2. The Bible is full of amazing stories that should inspire our songs more often than not.

It always strikes me that most contemporary worship music is actually rather abstract…meandering between lofty generalizations of praise and safely distanced references to our sin and unworthiness.

When one listens through the album ‘Seven Swans’ we are struck by the rich presence of biblical narrative.  Sufjan touches text from Genesis to Revelation.  In ‘Abraham’ he works his own interpretation of the story in Gen 22.  ‘He woke me up again’ is a view of 1 Sam. 3.  The Transfiguration recounts the awkward meeting in Matthew 17.  And the album title itself ‘Seven Swans’ echoes the images in Revelation.  Alot of my friends are writing great music to old hymn texts.  I love these songs and I cherish many of them in my own church.  But I’m also looking forward to the day when these old texts point them back to their own communities and God helps them to write a new song.

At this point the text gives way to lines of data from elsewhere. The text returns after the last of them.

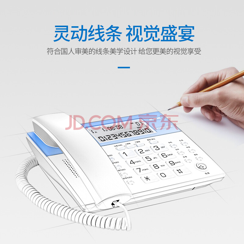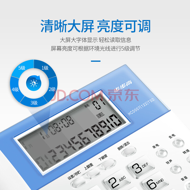 商品相册:步步高(BBK)电话机座机 固定电话 办公家用 免电池 4组一键拨号 HCD122灰蓝第
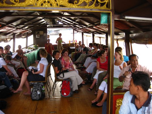 Na de fruitproeverijen luistert de hele groep met (on)verdeelde aandacht naar de verhalen van onze bijzondere gids Hattha. Zelfs de schipper kijkt verbaasd achterom om de impact van de verhalen te aanschouwen.
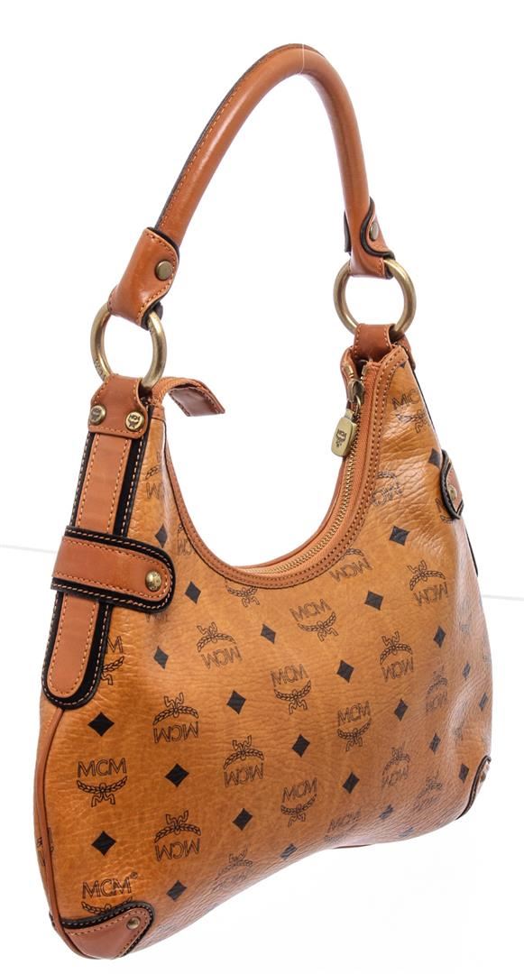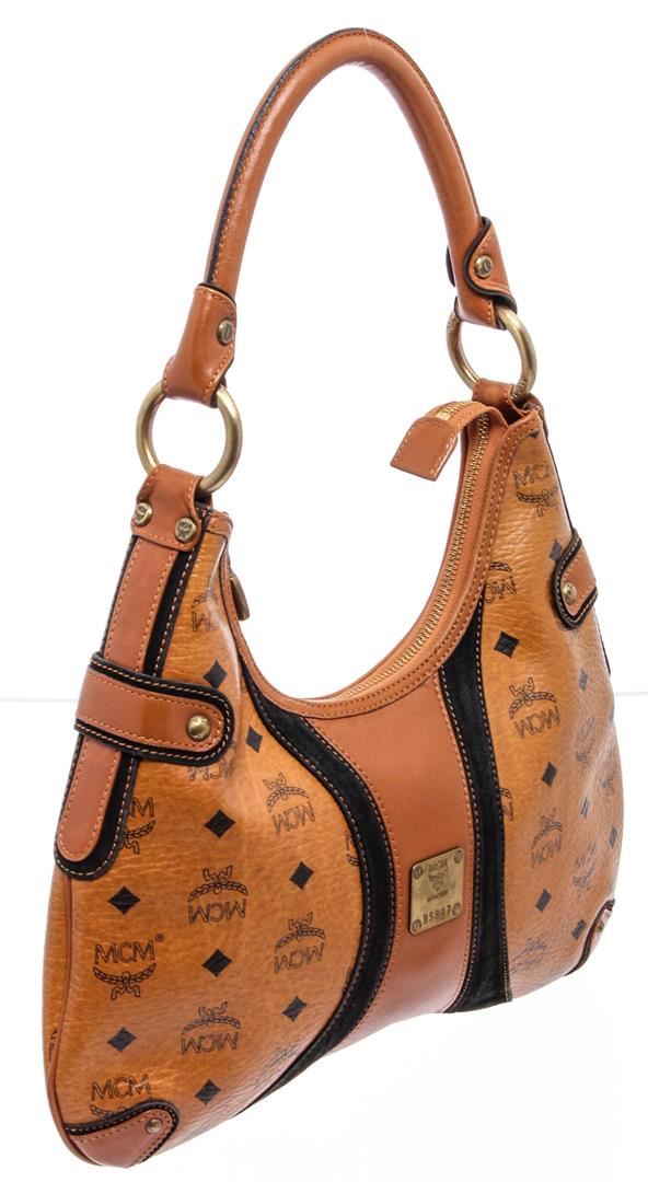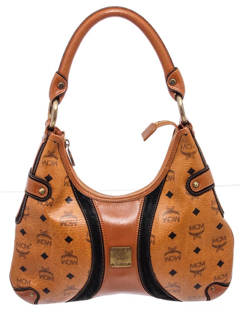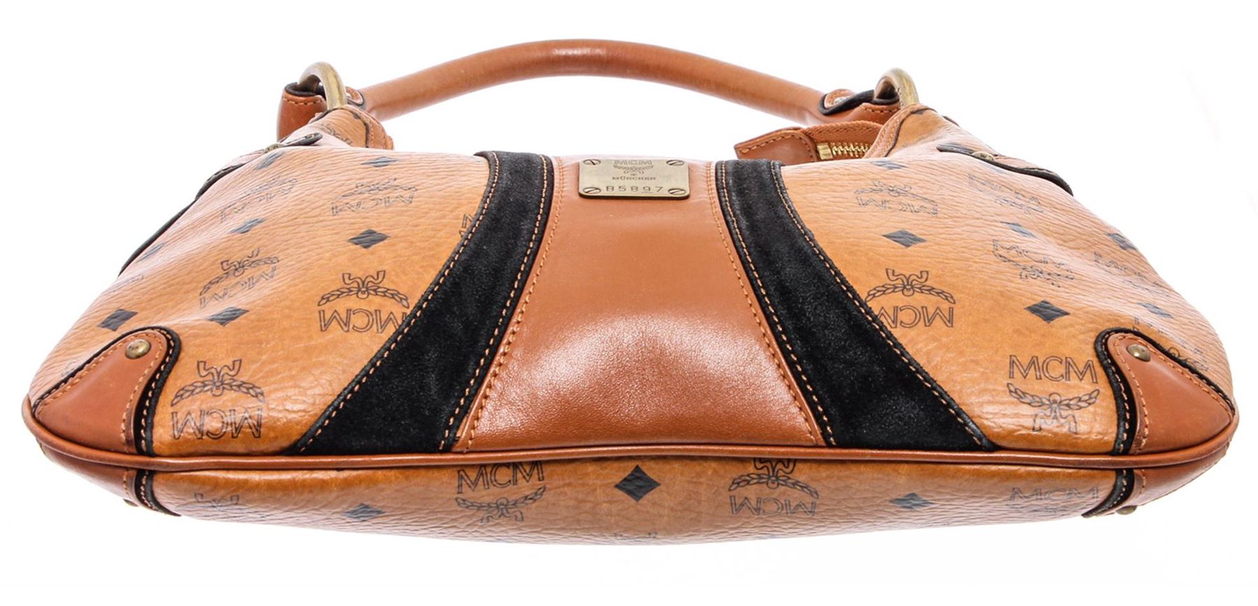Cognac Visetos MCM coated canvas and black suede leather trim hobo bag with antique gold-tone hardware, single rolled handle, tonal canvas lining, one zip pocket at interior wall with zip top closure.
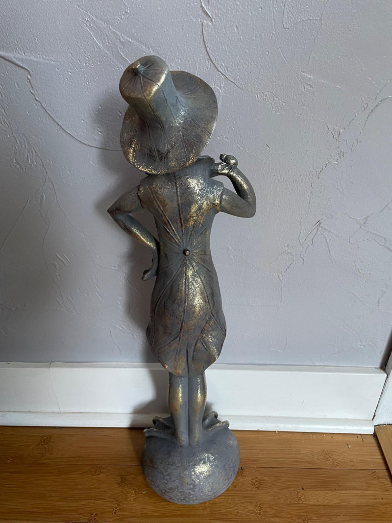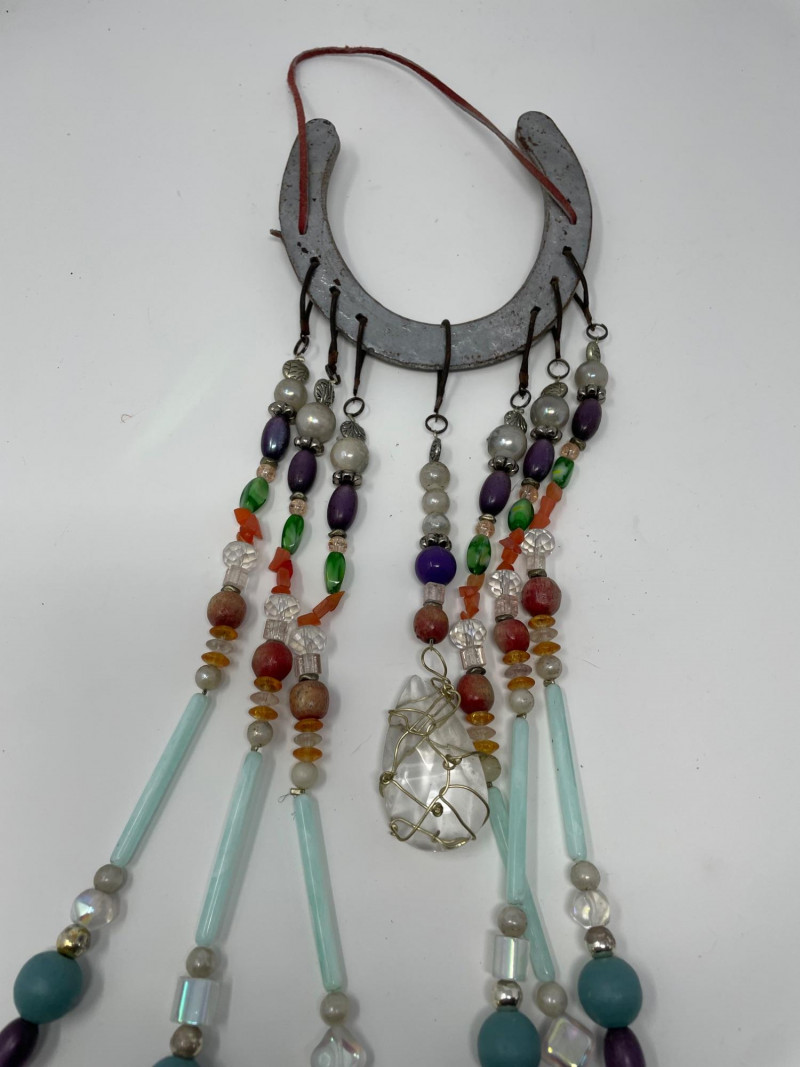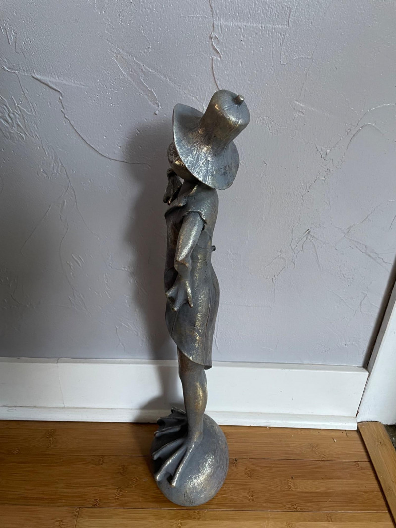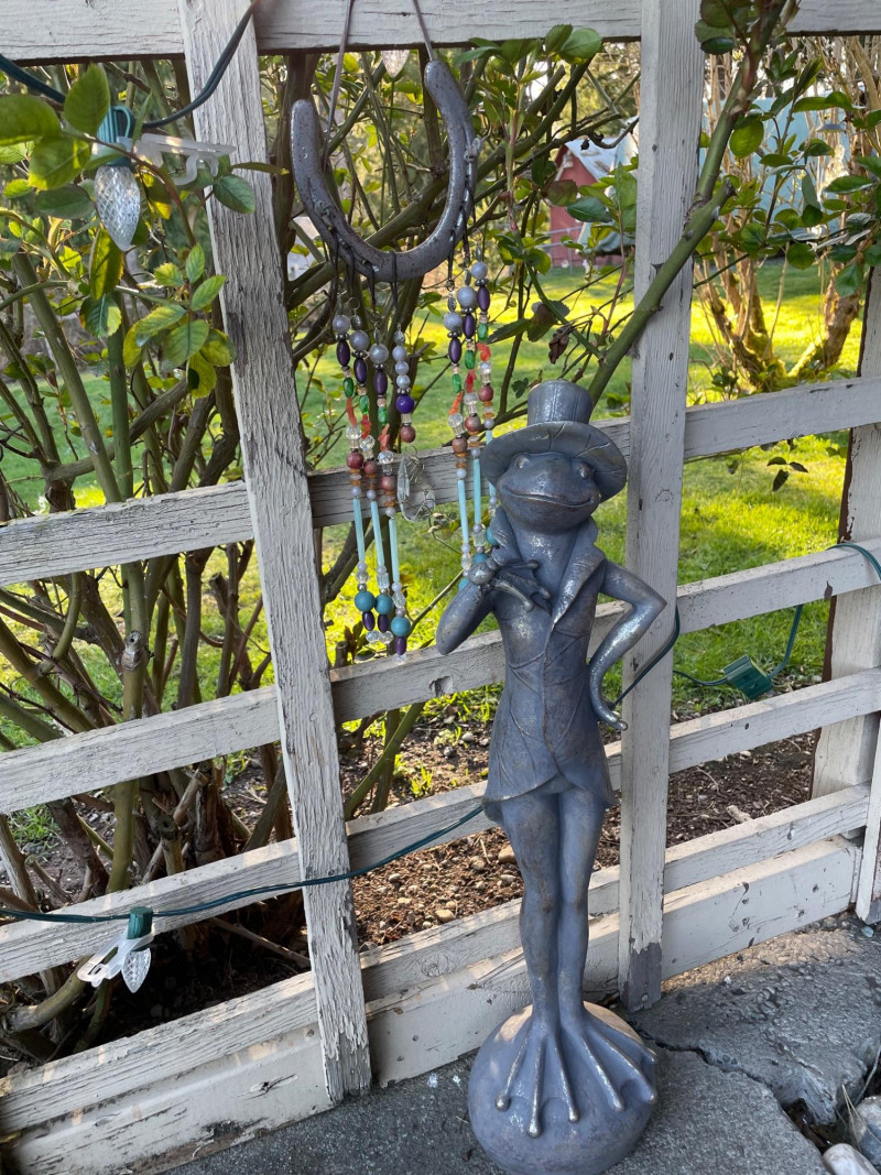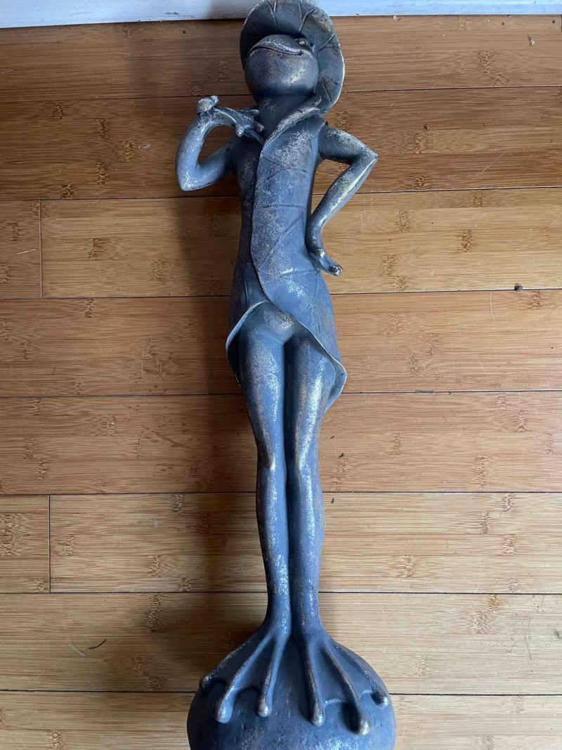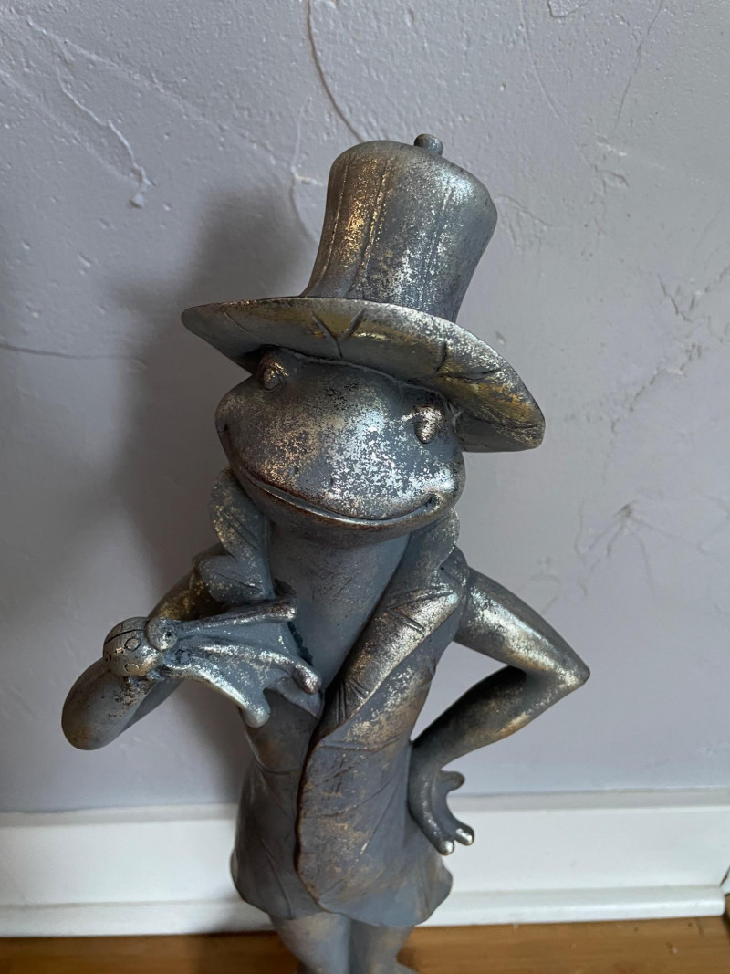 A charming, eclectic pairing of garden décor featuring a whimsical metal frog sculpture and a colorful beaded sun catcher set. Perfect for patios, porches, garden paths, or indoor accent displays. Included Highlights: Metal Frog Sculpture (Resin) Tall, upright frog in a suit and top hat Silver‑tone finish with artistic, weathered texture Stands on a round base; great statement piece for garden or entryway Beaded Sun Catcher Set Multi‑strand beaded design with vibrant colors: purples, turquoise, orange, green, and clear Includes wire‑wrapped crystal pendant Pre‑owned condition with typical wear from display. All items sold AS IS, WHERE IS. Frog Statue: 26” H x 7” Base (Resin) Sun Catcher: 15”Fancy Frog Decor and Sun Catcher

These folks are getting really close I think.  You can read/listen to a recent attempt of ours here.

3. A great song can serve a number of different musical styles.

This might seem obvious but in various settings of the church this is a fierce battle. Hymns must be led by a proper organ, or at least from a decent piano.  To accompany them with drums and guitars is base.   A rockin contemporary song needs amps and electrical guitars.  It would be lame to use a choir and a piano.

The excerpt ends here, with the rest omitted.